Yangerche Namu

Yangerche Namu has become famous as the Chinese singer and author who proposed marriage to the President of France, Nicholas Sarkozy.

Yang is from the Chinese Himalayan Mosu region near Tibet and as an unknown singer after leaving Shanghai, she threw herself at the feet of the passing Tenth Panchen Lama in Beijing. Unlike the Dalai Lama the Panchen Lama stayed in Tibet. He eventually used his influence to get her a place at The National Minorities University.

She wrote about her upbringing and her people, and became a singer.

She is outspoken about her sex life as her culture is ruled by women, for whom it is natural to have lovers, but no husbands. Her people, the Mosu, live near Luga (the Mother) Lake in Yunnan Province.
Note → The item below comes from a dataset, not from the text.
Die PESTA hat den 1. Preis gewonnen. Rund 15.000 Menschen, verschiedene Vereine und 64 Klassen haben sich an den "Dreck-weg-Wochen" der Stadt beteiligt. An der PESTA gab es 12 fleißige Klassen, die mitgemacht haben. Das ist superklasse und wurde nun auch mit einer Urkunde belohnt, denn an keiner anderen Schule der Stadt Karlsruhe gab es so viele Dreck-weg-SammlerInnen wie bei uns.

She has written that her home town men smell bad and she criticise’s Chinese men in general.Thus she is established as a heroine for Chinese women. The Chinese men have a great many chauvinistic aspects, virtually all of them smoke, gamble and get drunk.
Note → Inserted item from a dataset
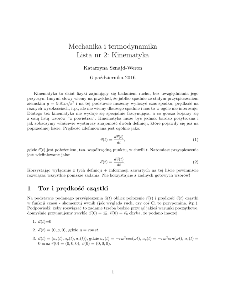 Mechanika i termodynamika Lista nr 2: Kinematyka

There are far more men in China than women due to the ‘one child policy’ and most are spoiled by their parents, often lazy. Girls work harder and tend to be better educated and learn English. So why would an educated middle class ‘westernized’ Chinese woman want a Chinese man?

These are the thoughts and verbalization’s of ‘Yang’ and multiple educated middle class Chinese women!
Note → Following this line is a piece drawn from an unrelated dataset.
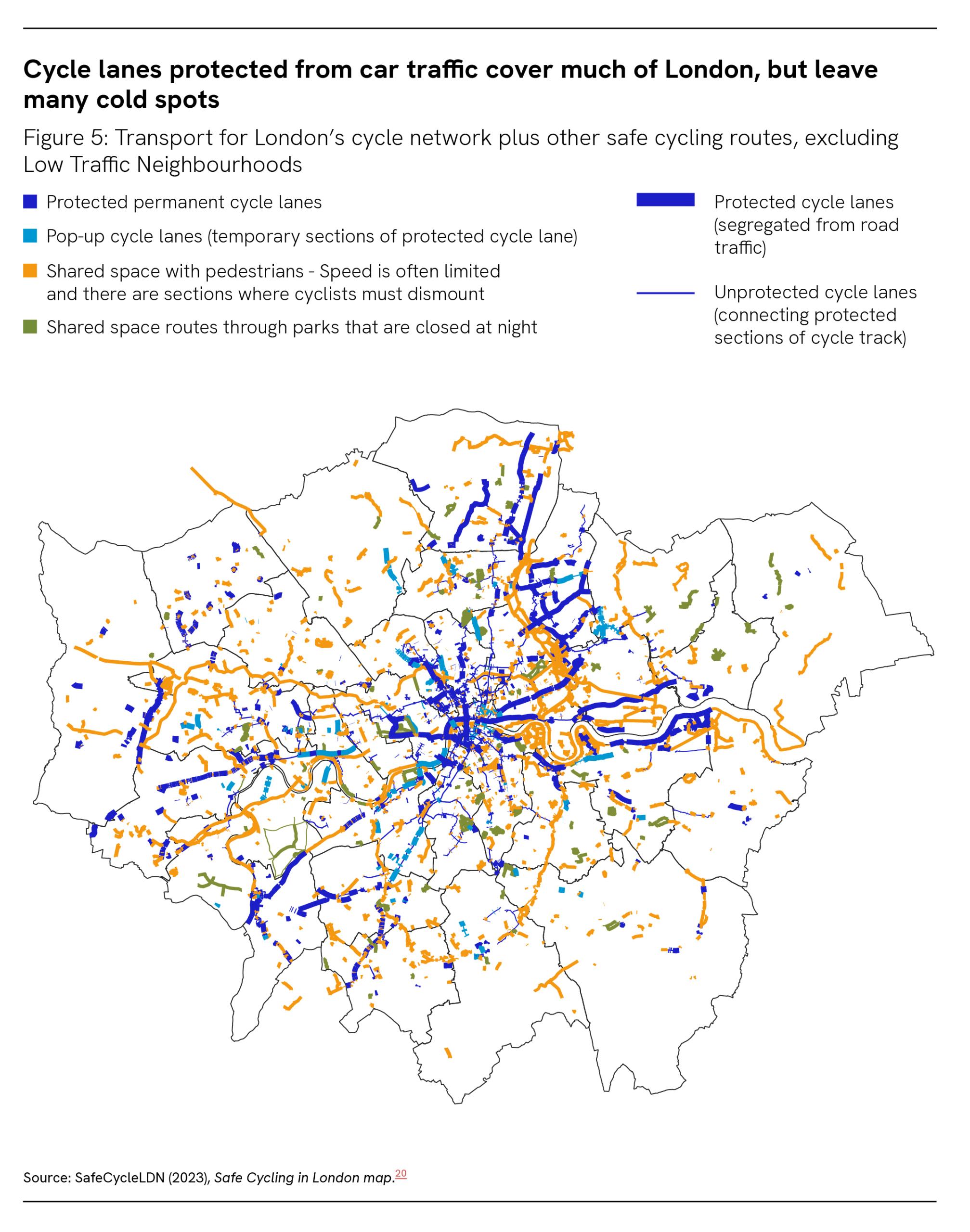 In regard to cycle safety, SafeCycleLDN has produced a more comprehensive map of places in London that are safe to cycle. While these areas cover much more of the capital, there remain many cold spots in outer London (see Figure 5).

So with her outspoken and modern view, she has become a singer celebrity in China and due to her sexual attitudes has been nicknamed ‘The Tibetan Madonna’ it’s got more cache to it than the Yunnan Madonna!

Girls on top

Girls on top

With so many girls outnumbering the young males in China, there is a shift coming in cultural emphasis. This is also matched with the rise in China of consumerism and this can be seen in the City streets where the young gather in fashionable Pizza outlets and American fast food and drinks locations, which are very dominant!

There is little doubt that girls are on top.

Yang’s book is very prescient in its outlook!